BEGIN Dataset entries

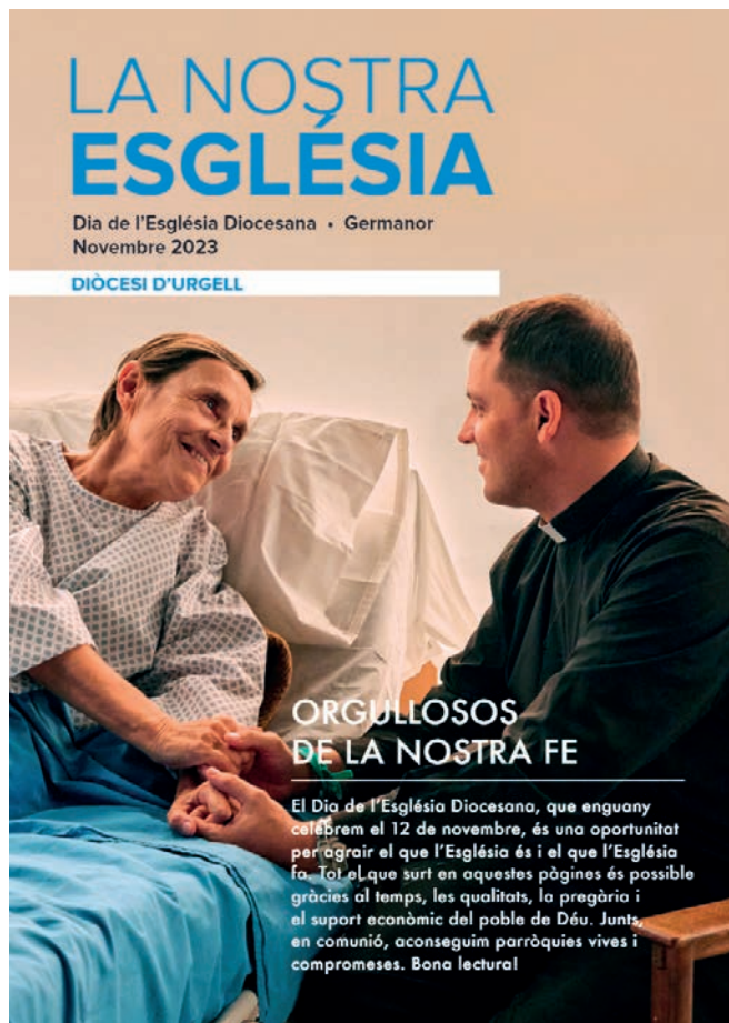
Cartell de la Campanya de Germanor d'enguany.

finançament seria el 0,7% del que es recull a través de les declaracions de la renda i per a aquells que lliurement marquin la casella corresponent en la seva declaració. Amb aquest sistema de col·laboració, l'Estat permet que les persones que volen ajudar l'Església Catòlica ho puguin fer, marcant la x, a través de l'assignació tributària. No és cap aportació
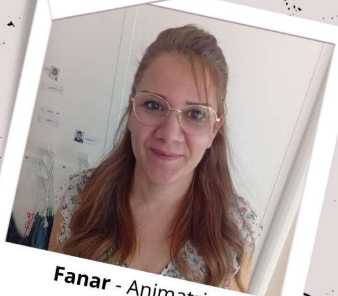
Fanar - Animatrice Midis
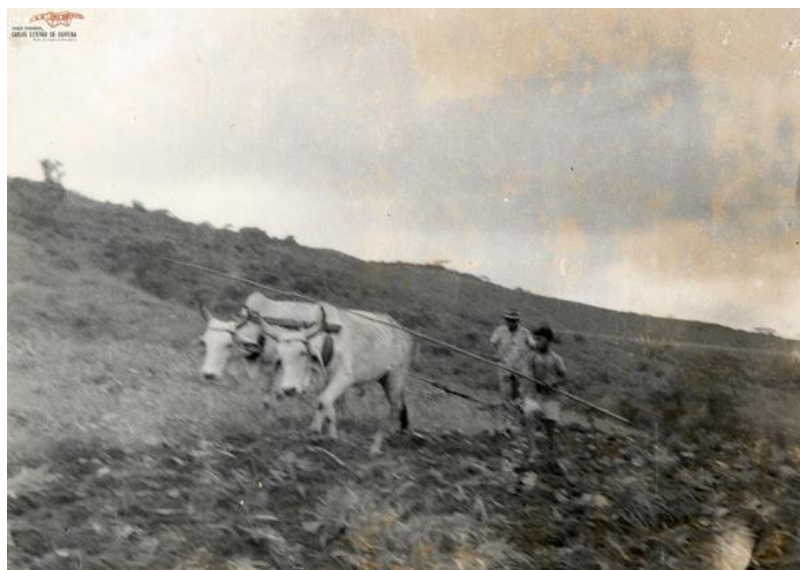
Bois do Posto Indígena Irineu dos Santos, s/d.

A princípio, o foco de atuação do SPI na Aldeia Fazenda Canto centrou-se no melhoramento da estrutura funcional e aquisição de bens necessários para a plena realização das atividades burocráticas, como os recorrentes pedidos de um “birout” e de uma máquina datilográfica a IR-4 9 . Após três anos de reconhecimento estatal, boa parte das terras da localidade tornaram-se proveitosas e surgiu a proposta de criar uma unidade produtiva para reger as relações de trabalho e envolver crianças, homens e mulheres em um sistema de produção com rígida divisão social e formação do “bom” trabalhador indígena, ou seja, aquele que atendesse aos anseios do SPI, preferencialmente, desacreditado do poder de se mobilizar; trabalhando por excessivas jornadas sem reclamar; e, sobretudo, em degradantes atividades.
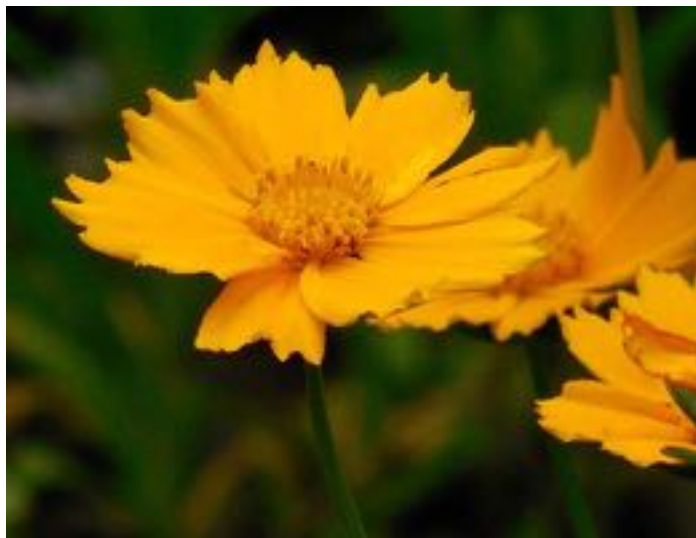
Coreopsis grandiflora
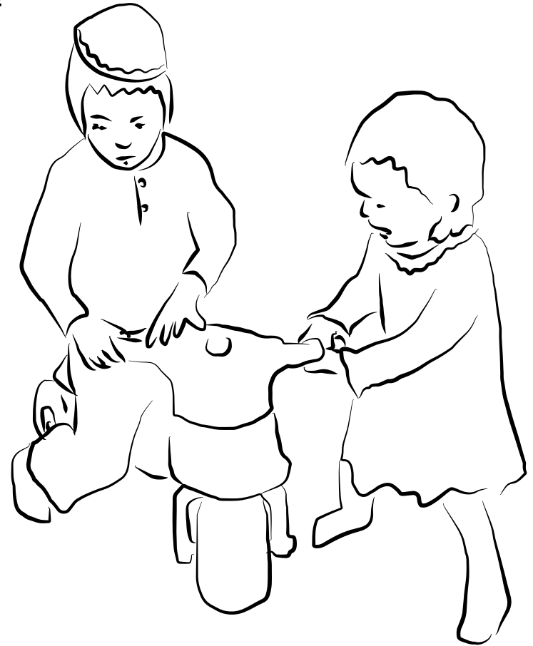
We don't need to get angry – everything is Hashgacha Protis!

”בַּעֲת פֶּעֶסוּ נִסְתַּלְקָה מִמֶּנּוּ הָאֱמוּנָה כִּי אֵילוֹ הָיָה מֵאַמִּין שְׂמִיאת ה' הִיָּתָה זֹאת לוֹ לֹא הָיָה בְּכַעַס כָּלֵל”
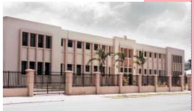
PALACIO DE JUSTICIA DE ESPALLAT
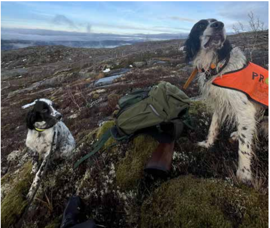
Engelsk setterne Jax (7) og Neo (0,5) på rypejakt.
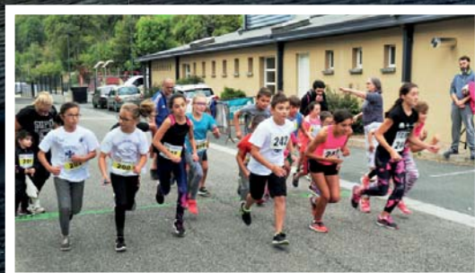
Associations Page 10
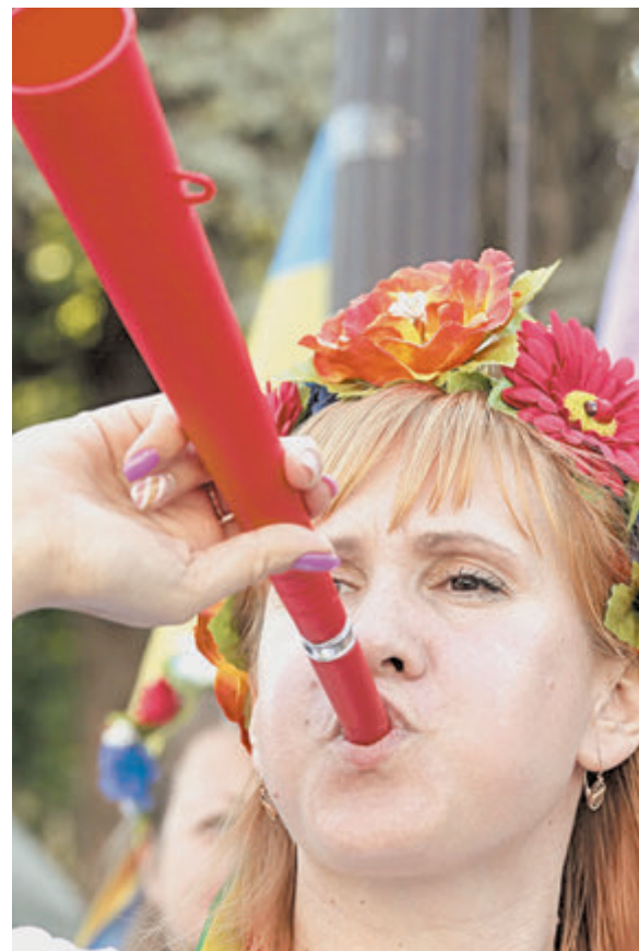
У Верховной рады теперь дудят участники «финансового майдана».

Но желудок добра не помнит. Теперь Украина не скрывает намерения отказаться от возврата долга и даже называет это справедливым. А правительство России мнется, не предпринимает никаких ответных шагов. Хотя у нас даже есть право предъявить этот кредит к досрочному погашению.
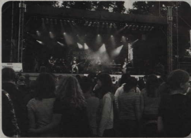
Zapraszamy na imprezy przygotowane przez Kwidzyńskie Centrum Kultury.
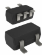
74AHCT1G86GW-Q100 , Nexperia USA Inc. IC GATE XOR 1CH 2-INP 5-TSSOP
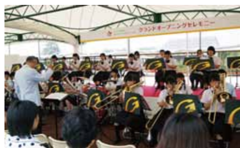
東京学館新潟高等学校吹奏楽部の皆さんによる記念コンサートが行われました。
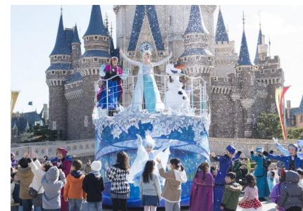
東京ディズニーランド 「アナとエルサのウィンターグリーティング」

東京ディズニーランド®では、冬のスペシャルイベント「アナとエルサのフローズンファンタジー」がファイナルを迎えます。ディズニー映画『アナと雪の女王』をテーマにしたパレード「フローズンファンタジーパレード」やグリーティングショー「アナとエルサのウィンターグリーティング」など、昨年引き続き実施するほか、今年は、映画でも印象的なエルサの氷の城のシーンを彷彿とさせるような体験型のフォトロケーションが登場し、アナやエルサになりきって写真を撮ることができます。
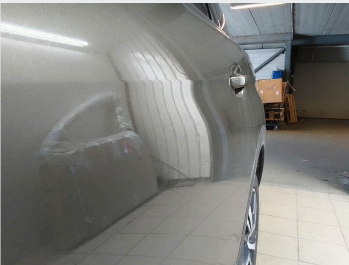
2.5 Liten bulk venstre bakdør

END Dataset entries

Copy out all lines from the material above that contain the string "アナとエルサのウィンターグリーティング".

→ Answer section
東京ディズニーランド 「アナとエルサのウィンターグリーティング」
東京ディズニーランド®では、冬のスペシャルイベント「アナとエルサのフローズンファンタジー」がファイナルを迎えます。ディズニー映画『アナと雪の女王』をテーマにしたパレード「フローズンファンタジーパレード」やグリーティングショー「アナとエルサのウィンターグリーティング」など、昨年引き続き実施するほか、今年は、映画でも印象的なエルサの氷の城のシーンを彷彿とさせるような体験型のフォトロケーションが登場し、アナやエルサになりきって写真を撮ることができます。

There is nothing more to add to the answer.